Gundersen Lutheran Hospital Strives for 100% Renewable Energy
With renewables projects involving wind, solar, biogas and hydrokinetic energy, along with a top-to-bottom review of how it uses energy, Gundersen Lutheran hospital in Wisconsin is one of the leading lights in a revolution in how hospitals approach sustainability.
In February 2008, the hospital set a goal to reduce energy consumption 20 percent by 2009 and to generate 100 percent of its electricity using renewable energy by 2014.
The hospital, based in La Crosse, Wis., is halfway toward its 2009 goal, which amounts to $409,000 in annualized savings, said Jerry Arndt, Senior Vice President of Business Services, adding that the hospital makes upgrades with “one eye on sustainability, and one eye on financials.”

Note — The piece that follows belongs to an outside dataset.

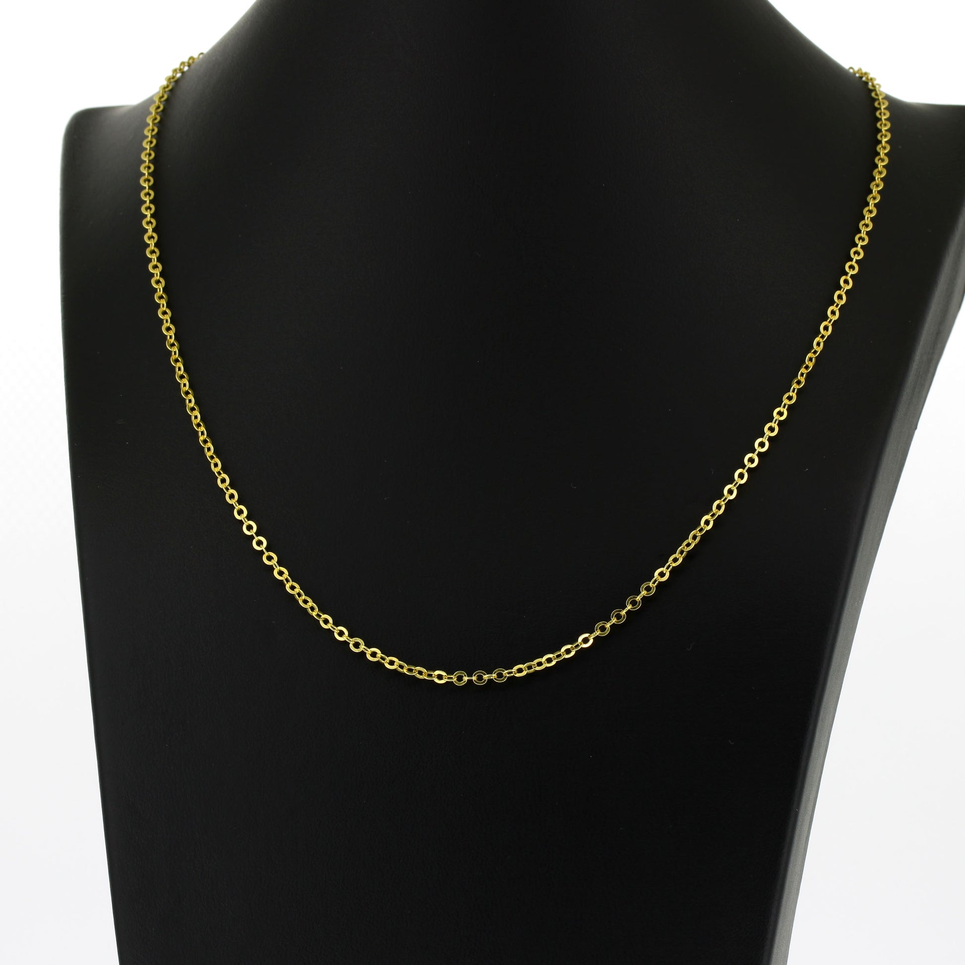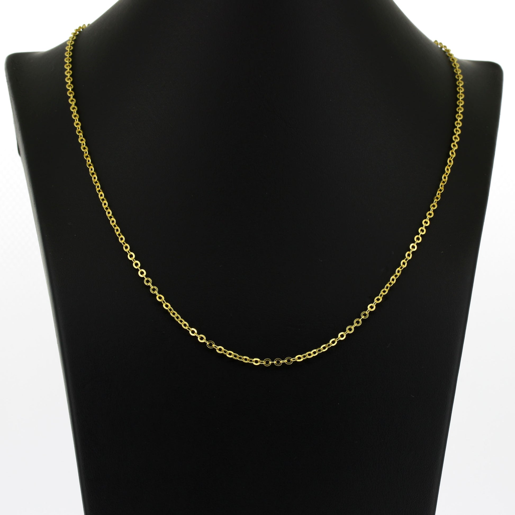 Feine Kette aus 750 Gelbgold, gestempelt und geprüft, mit einem Gesamtgewicht von ca. 4,5 g. Die Kette misst ca. 46 cm in der Länge, ca. 2,3 mm in der Breite und ca. 0,8 mm in der Stärke. Dieses Schmuckstück wurde mit großer Sorgfalt von einem erfahrenen Goldschmied aufgearbeitet und befindet sich in einem sehr guten Zustand.

Gundersen Lutheran is gaining notice for its emphasis on energy efficiency, said Clark Reed, Director of the Healthcare Facilities Division, Energy Star, U.S. Environmental Protection Agency.
“Gundersen Lutheran is very aggressive in its targets,” Reed said. “We salute them, because they can provide a great example to other hospitals and health care providers.”
The largest health care provider in its area, Gundersen Lutheran has an energy bill of about $6 million a year and an operating margin of 4 percent. Its energy costs have been increasing at a clip of about $350,000 a year.
To Arndt, going for 100 percent energy self-reliance is a no-brainer. “In order to get $6 million off the bottom line, it would take $150 million in revenue growth at 4 percent to get achieve the same bottom line,” he said. As a 501 3C, not for profit, organization, shaving dollars off the bottom line helps the hospital keep from passing on rising costs in other areas.
In one of its renewable energy projects, Gundersen Lutheran is partnering with a local brewery on a co-generation project. Methane from the brewery process will be captured to run a biogas Jenbacher engine, which will feed electricity into the grid, which will be credited to the hospital. As for the brewery, heat from the co-gen engine can be used in the brewing process.
To help defray the costs of lighting and ventilating a parking garage, the hospital added solar panels to the garage roof.
But those are just incremental advances. To help the hospital reach its 100 percent goal, Gundersen Lutheran is looking to hydrokinetic and wind power.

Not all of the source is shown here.